Anche durante la Guerra Fredda lo Stato americano finanziò le sue vertiginose spese militari attraverso prestiti, e questo fece salire il debito pubblico a livelli vertiginosi. Nel 1945 il debito pubblico era di “soli” 258 miliardi di dollari, ma nel 1990 – quando la Guerra Fredda volge al termine – ammontava a ben 3,2 trilioni di dollari! Si è trattato di un aumento stupendo, anche se si tiene conto del tasso di inflazione, che ha fatto diventare lo stato americano il più grande debitore del mondo. (Per inciso, nel luglio 2002 il debito pubblico americano aveva raggiunto i 6,1 trilioni di dollari.) Washington avrebbe potuto e dovuto coprire il costo della Guerra Fredda tassando gli enormi profitti realizzati dalle corporazioni coinvolte nell'orgia degli armamenti, ma non c'è mai stato alcun dubbio di una cosa del genere. Nel 1945,

This was possible because the nation’s big corporations largely determine what the government in Washington may or may not do, also in the field of fiscal policy. In addition, lowering the tax burden of corporations was made easier because after the Second World War these corporations transformed themselves into multinationals, “at home everywhere and nowhere,” as an American author has written in connection with ITT, and therefore find it easy to avoid paying meaningful taxes anywhere. Stateside, where they pocket the biggest profits, 37 per cent of all American multinationals – and more than 70 per cent of all foreign multinationals – paid not a single dollar of taxes in 1991, while the remaining multinationals remitted less than 1 per cent of their profits in taxes.

I costi altissimi della Guerra Fredda non furono quindi sostenuti da chi ne trasse profitto e che, per inciso, continuava anche a intascare la parte del leone dei dividendi pagati sui titoli di Stato, ma dai lavoratori americani e dalla classe media americana. Questi americani a basso e medio reddito non hanno ricevuto un centesimo dai profitti prodotti così abbondantemente dalla Guerra Fredda, ma hanno ricevuto la loro parte dell'enorme debito pubblico di cui quel conflitto era in gran parte responsabile. Sono loro, dunque, che si sono davvero accollati i costi della guerra fredda, e sono loro che continuano a pagare con le tasse una quota spropositata del peso del debito pubblico.

In altre parole, mentre i profitti generati dalla Guerra Fredda venivano privatizzati a vantaggio di un'élite ricchissima, i suoi costi venivano spietatamente socializzatia grande danno di tutti gli altri americani. Durante la Guerra Fredda l'economia americana degenerò in una gigantesca truffa, in una perversa ridistribuzione della ricchezza della nazione a vantaggio dei ricchi e a svantaggio non solo dei poveri e della classe operaia ma anche della classe media, la cui i membri tendono a sottoscrivere il mito che il sistema capitalista americano serva i loro interessi. Infatti, mentre i ricchi ei potenti d'America accumulavano ricchezze sempre maggiori, la prosperità raggiunta da molti altri americani durante la seconda guerra mondiale venne gradualmente erosa e il tenore di vita generale declinò lentamente ma costantemente.
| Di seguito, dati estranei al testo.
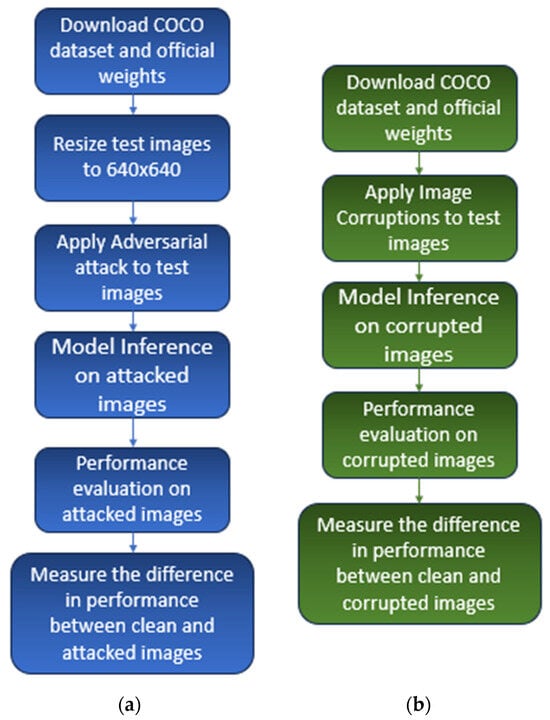 Ensuring the robustness of object detection models is crucial for real-world applications, particularly in safety-critical domains such as autonomous driving and surveillance. This study evaluates the resilience of various YOLO models against adversarial attacks and image corruptions, aiming to identify the most robust architectures. To achieve this, we employed a standardized experimental setup, using the COCO dataset and a diverse selection of YOLO versions ranging from YOLOv3 to YOLOv11, including various model sizes (n, s, m, l, x). These models were selected to cover the full spectrum of advancements in the YOLO framework, from early iterations to the most recent state-of-the-art versions. By leveraging pre-trained weights from official repositories, we ensured that all models were tested in their standard configurations, allowing for a fair comparison. Testing multiple model sizes also provided insight into how architectural complexity influences robustness. Figure 2 shows the pipeline we followed for the experiments and the robustness evaluation. The following sections describe the dataset, attack methodologies, and evaluation metrics used to systematically assess each model’s resilience under different perturbation scenarios.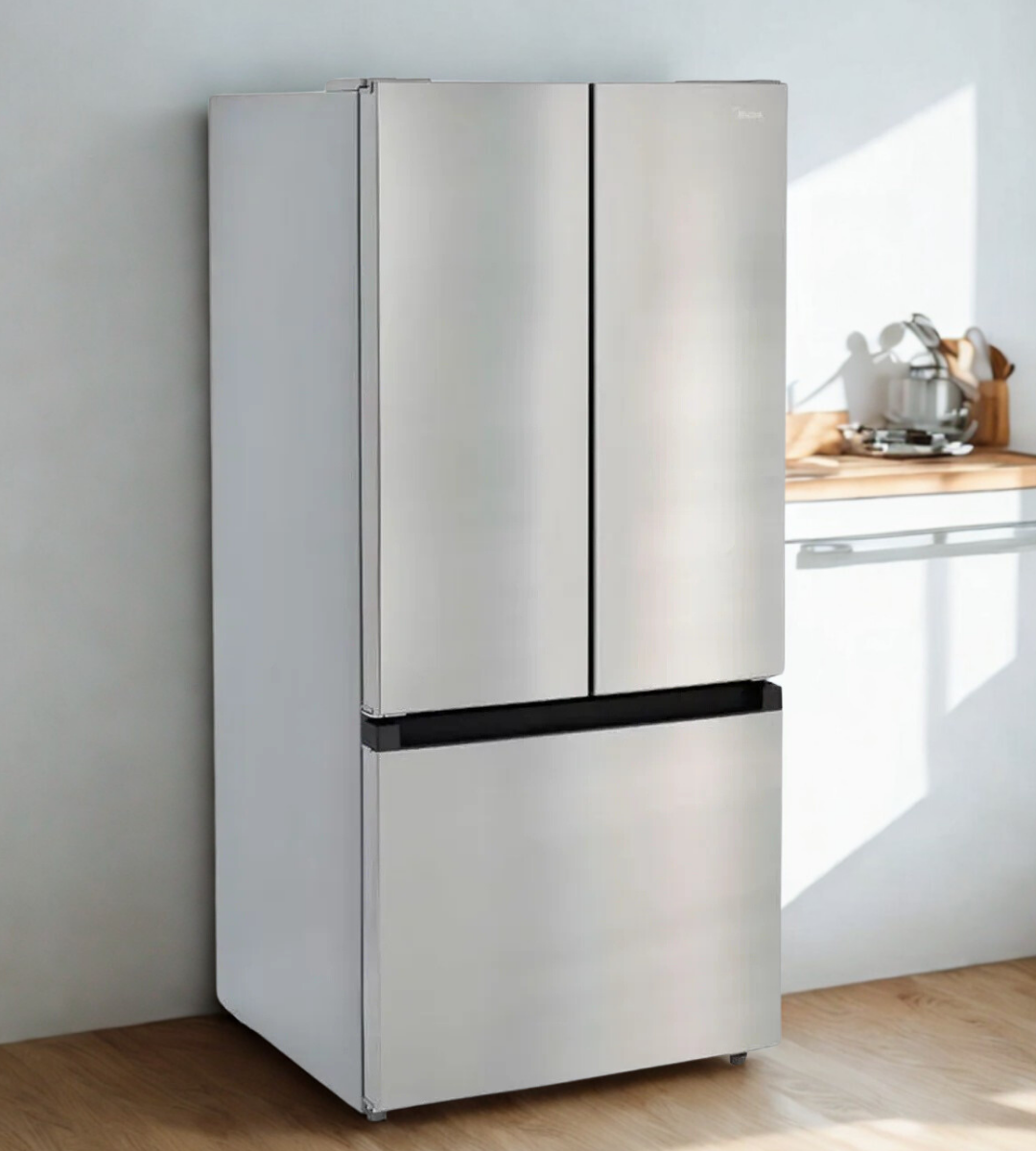 El refrigerador de 19 pies cúbicos con diseño French Door está pensado para hogares modernos que buscan mayor capacidad, eficiencia y elegancia. Su acabado plateado aporta un estilo sofisticado, mientras que su estructura de tres puertas facilita una organización práctica y acceso inteligente a los alimentos.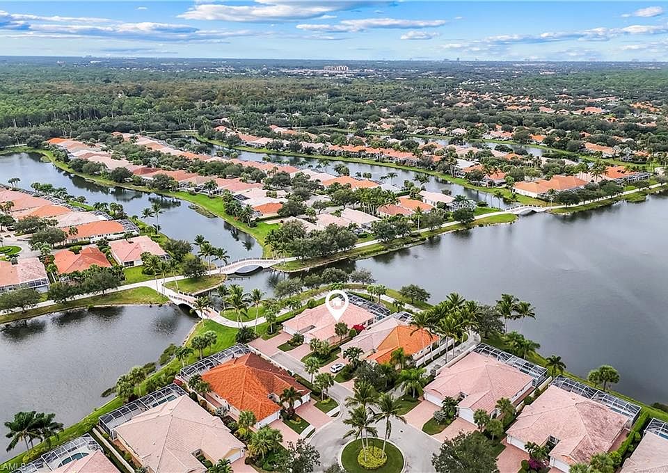 Breathtaking Western Sunsets from your private pool and lanai looking down an amazing long lake view in beautiful Island Walk. This Capri model is perfect for relaxing and entertaining. This spectacular scenery can be enjoyed from the kitchen and living areas. This 2 bedrooms/2 full baths villa is sunlight filled. Tile flooring throughout the main living areas. Built in cabinetry in the living area for your media needs. The quiet cul de sac location adds serenity to your oasis. Residents of Island Walk residents enjoy access to exclusive amenities including a Resort style pool, a separate lap pool, a newly renovated Towncenter, 7 Tennis courts, 4 pickleball courts, bocce, a state of the art fitness center, Restaurant, Hair and Nail Salons, Car Wash, Gas Station and Post Office. Close to Naples’ sandy beaches, wonderful shopping, and dining.

Durante la seconda guerra mondiale l'America aveva assistito a una modesta ridistribuzione della ricchezza collettiva della nazione a vantaggio dei membri meno privilegiati della società. Durante la Guerra Fredda, però, i ricchi americani diventarono più ricchi mentre i non ricchi – e non certo solo i poveri – diventarono più poveri. Nel 1989, l'anno in cui la Guerra Fredda finì, più del 13 per cento di tutti gli americani – circa 31 milioni di individui – erano poveri secondo i criteri ufficiali di povertà, che sottostimano decisamente il problema. Al contrario, oggi l'1% di tutti gli americani possiede non meno del 34% della ricchezza aggregata della nazione. In nessun grande paese “occidentale” la ricchezza è distribuita in modo più disomogeneo.

La minuscola percentuale di americani super ricchi ha trovato questo sviluppo estremamente soddisfacente. Amavano l'idea di accumulare sempre più ricchezze, di accrescere i loro già ingenti patrimoni, a spese dei meno privilegiati. Volevano mantenere le cose così o, se possibile, rendere questo schema sublime ancora più efficiente. Tuttavia, tutte le cose belle devono finire e nel 1989/90 la generosa Guerra Fredda è trascorsa. Ciò presentava un problema serio. Gli americani ordinari, che sapevano di aver sostenuto i costi di questa guerra, si aspettavano un "dividendo della pace".

They thought that the money the state had spent on military expenditures might now be used to produce benefits for themselves, for example in the form of a national health insurance and other social benefits which Americans in contrast to most Europeans have never enjoyed. In 1992, Bill Clinton would actually win the presidential election by dangling out the prospect of a national health plan, which of course never materialized. A “peace dividend” was of no interest whatsoever to the nation’s wealthy elite, because the provision of social services by the state does not yield profits for entrepreneurs and corporations, and certainly not the lofty kind of profits generated by military state expenditures. Something had to be done, and had to be done fast, to prevent the threatening implosion of the state’s military spending.

L'America, o meglio l'America corporativa, era rimasta orfana del suo utile nemico sovietico, e aveva urgente bisogno di evocare nuovi nemici e nuove minacce per giustificare un alto livello di spesa militare. È in questo contesto che nel 1990 Saddam Hussein è apparso sulla scena come una sorta di deus ex machinaQuesto dittatore di latta era stato precedentemente percepito e trattato dagli americani come un buon amico, ed era stato armato fino ai denti in modo da poter condurre una brutta guerra contro l'Iran; furono gli Stati Uniti - e alleati come la Germania - che originariamente gli fornirono ogni sorta di armi. Tuttavia, Washington aveva un disperato bisogno di un nuovo nemico, e improvvisamente lo indicò come un "nuovo Hitler" terribilmente pericoloso, contro il quale la guerra doveva essere intrapresa con urgenza, anche se era chiaro che una soluzione negoziata della questione dell'occupazione irachena dell'Iraq Il Kuwait non era fuori discussione.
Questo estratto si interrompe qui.